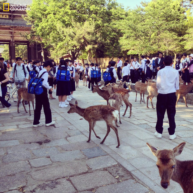 «В окрестностях Киото вы можете найти деревню, которая называется Нара. Там все парки и храмы заполнены дикими и свободными оленями. Вы можете погладить их, или покормить. Люди здесь с удивительным уважением относятся к животным и растениям. На этом фото вы видите группу школьников во время посещения одного из главных храмов. Они относятся к оленям так, как будто те — их одноклассники».
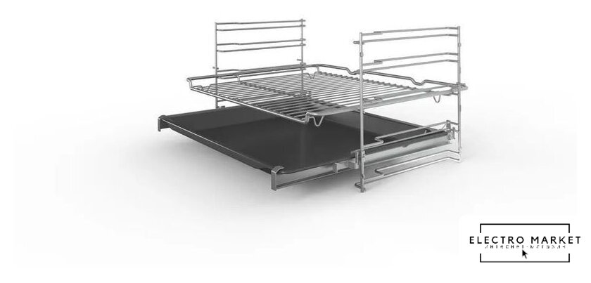 электрический с конвекцией, объем 60 л, 7 режимов, очистка каталитическая/паровая, проволочные направляющие, телескопические направляющие, энергопотребление A
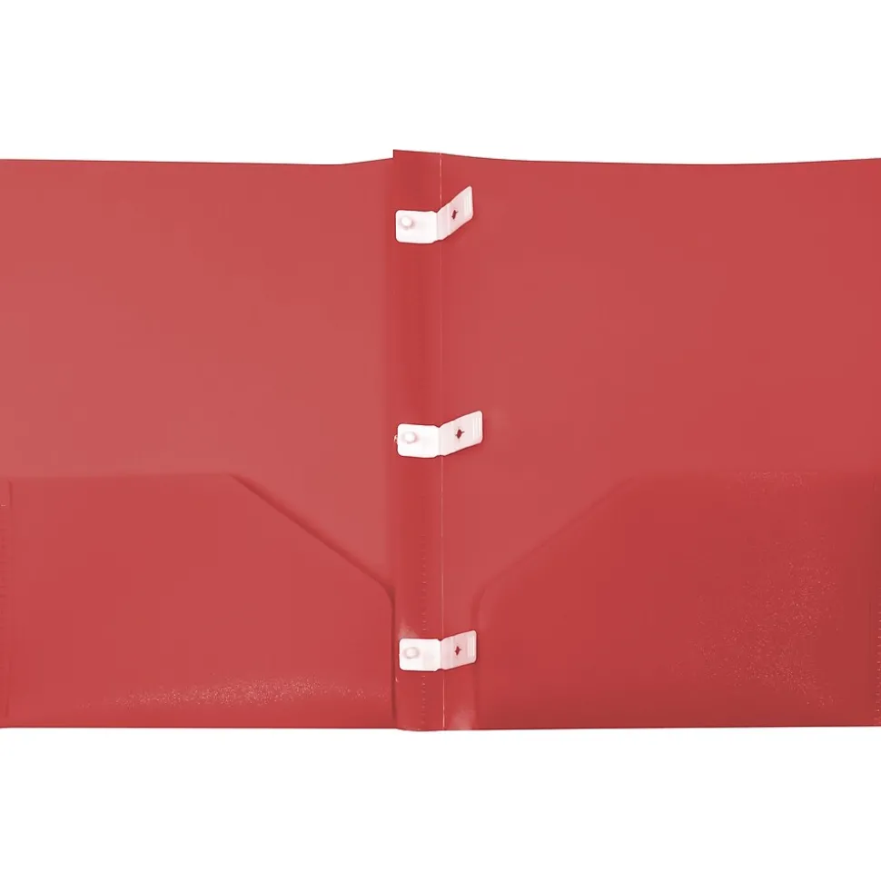 Storex folders and report covers are made from a thick poly material which will not tear or, crack, or fray. The covers feature plastic prongs which are safer to use than metal tangs.

▬▬▬▬▬▬▬▬▬▬

_REQUIRED WORK_
Starting at the first line of the listing above, write out each line exactly and nothing else until you reach the line containing "электрический с конвекцией, объем", which is included as well; omit all pictures.

_ANSWER BOX_
 «В окрестностях Киото вы можете найти деревню, которая называется Нара. Там все парки и храмы заполнены дикими и свободными оленями. Вы можете погладить их, или покормить. Люди здесь с удивительным уважением относятся к животным и растениям. На этом фото вы видите группу школьников во время посещения одного из главных храмов. Они относятся к оленям так, как будто те — их одноклассники».
 электрический с конвекцией, объем 60 л, 7 режимов, очистка каталитическая/паровая, проволочные направляющие, телескопические направляющие, энергопотребление A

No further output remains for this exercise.